What is required:
Lines from the one with "文化之家汉语中心的志愿者老师" up to and including the one with "Vendo notebook asus" are to be copied exactly from the records below, without their pictures.

Extracted material:
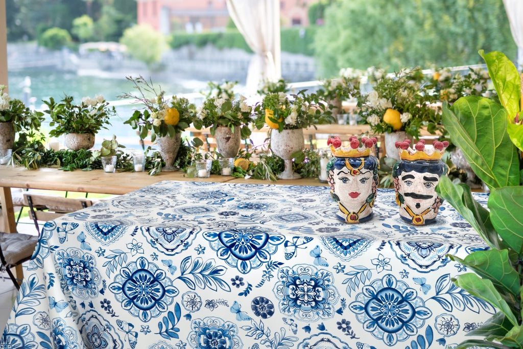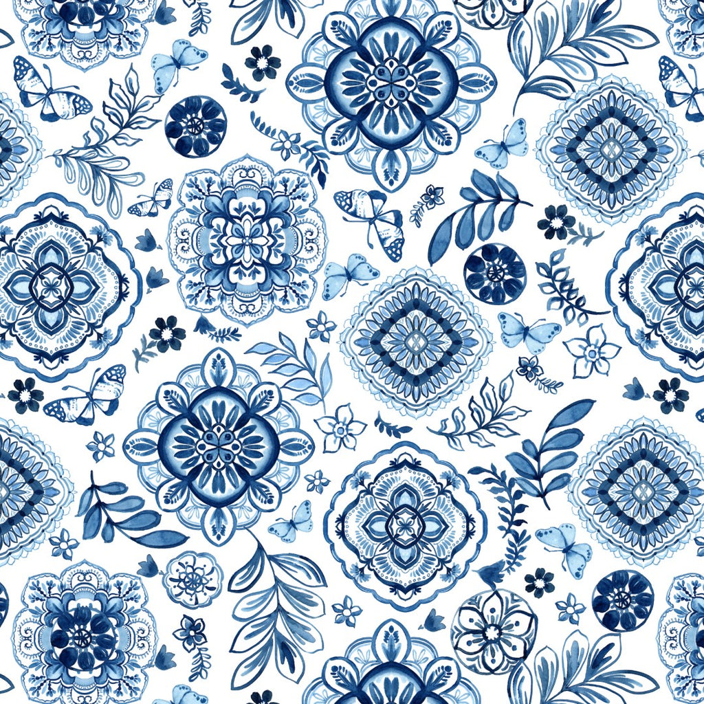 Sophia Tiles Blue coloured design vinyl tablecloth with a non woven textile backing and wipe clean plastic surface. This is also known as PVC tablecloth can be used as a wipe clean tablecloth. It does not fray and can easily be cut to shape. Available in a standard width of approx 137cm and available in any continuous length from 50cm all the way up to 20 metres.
...
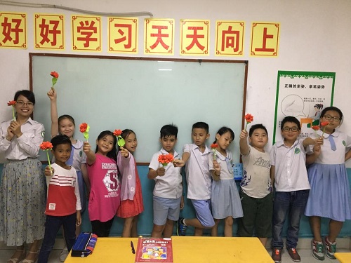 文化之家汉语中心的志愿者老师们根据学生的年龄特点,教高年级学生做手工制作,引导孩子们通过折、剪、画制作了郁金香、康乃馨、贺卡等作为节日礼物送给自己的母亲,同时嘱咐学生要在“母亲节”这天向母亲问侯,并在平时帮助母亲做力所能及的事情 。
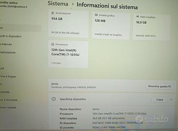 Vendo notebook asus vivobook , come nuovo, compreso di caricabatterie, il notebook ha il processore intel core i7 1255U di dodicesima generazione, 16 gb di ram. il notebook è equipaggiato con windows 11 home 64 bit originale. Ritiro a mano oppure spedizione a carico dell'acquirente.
* * *
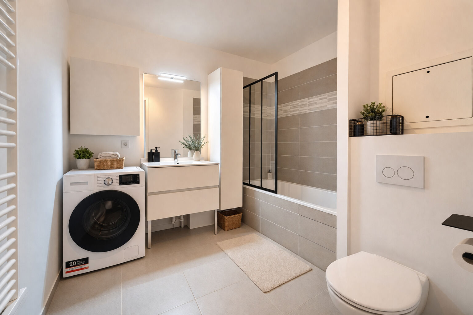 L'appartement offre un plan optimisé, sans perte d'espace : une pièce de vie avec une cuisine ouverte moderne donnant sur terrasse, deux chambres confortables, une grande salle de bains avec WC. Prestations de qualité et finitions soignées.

Your response:
 文化之家汉语中心的志愿者老师们根据学生的年龄特点,教高年级学生做手工制作,引导孩子们通过折、剪、画制作了郁金香、康乃馨、贺卡等作为节日礼物送给自己的母亲,同时嘱咐学生要在“母亲节”这天向母亲问侯,并在平时帮助母亲做力所能及的事情 。
 Vendo notebook asus vivobook , come nuovo, compreso di caricabatterie, il notebook ha il processore intel core i7 1255U di dodicesima generazione, 16 gb di ram. il notebook è equipaggiato con windows 11 home 64 bit originale. Ritiro a mano oppure spedizione a carico dell'acquirente.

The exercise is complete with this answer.